Iran leaves heartfelt note after Belgium draw at World Cup
After a 0-0 draw with Belgium, Iran left a locker-room note praising Los Angeles and declaring that its spirit, from “ancient Persia” to modern Iran, remained steadfast.

Iran’s players turned a scoreless draw into something larger than a result sheet, leaving a handwritten note in their SoFi Stadium locker room that thanked Los Angeles for its hospitality and cast the team’s performance as a statement of national endurance. After the 0-0 result against Belgium in Inglewood, California, the message said the spirit of Iran remained alive and steadfast, linking “ancient Persia” and “civilized Iran” in language that carried clear patriotic weight.
The note said the team had come to Los Angeles with pride, competed with honor and left with dignity. It also called for peace, respect and friendship among nations, a carefully chosen appeal that made the locker room message feel like both a sporting gesture and a public one. In a tournament where every word can be read through politics as well as football, the phrasing showed how Iranian athletes are asked to speak for something far beyond the pitch.

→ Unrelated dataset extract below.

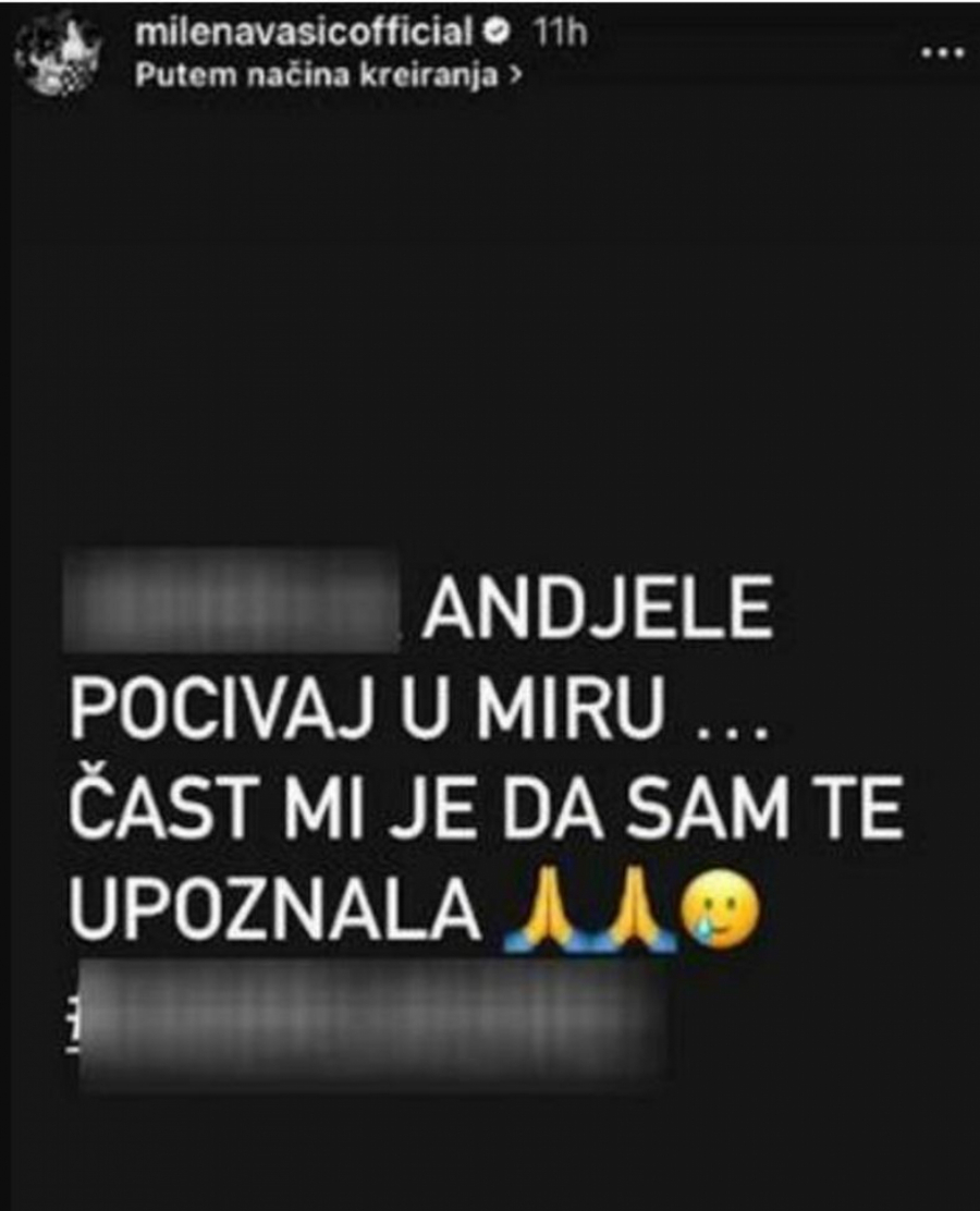 - Anđele, počivaj u miru. Čast mi je da sam te upoznala. Zbogom deco draga - poručila je glumica na mrežama.

The draw kept Iran’s hopes of reaching the knockout stage alive in Group G. FIFA’s match report described Belgium versus Iran as a scoreless draw played on June 21, 2026, at Los Angeles Stadium, the official competition name for SoFi Stadium. Iran had already played its first two World Cup matches in Los Angeles and was set to travel to Seattle, Washington, for its final group match against Egypt.

The backdrop made the note even more revealing. Reuters reported that Iran was based in Tijuana, Mexico, between matches, while coach Amir Ghalenoei had criticized the team’s travel arrangements and conditions. That combination of difficult logistics, international attention and political symbolism helped turn a simple dressing-room message into a global talking point.
For Iran, the note offered gratitude and defiance in the same breath. It was a reminder that, under scrutiny at home and abroad, the national team’s words can travel almost as far as its results, carrying the burden of identity, pressure and pride into every stadium it enters.
This article was produced by Prism’s automated news system from verified source data, official records, and press releases, then run through automated quality and moderation checks before publishing. The system is built and supervised by the people who set the standards it runs under. Read our full AI policy.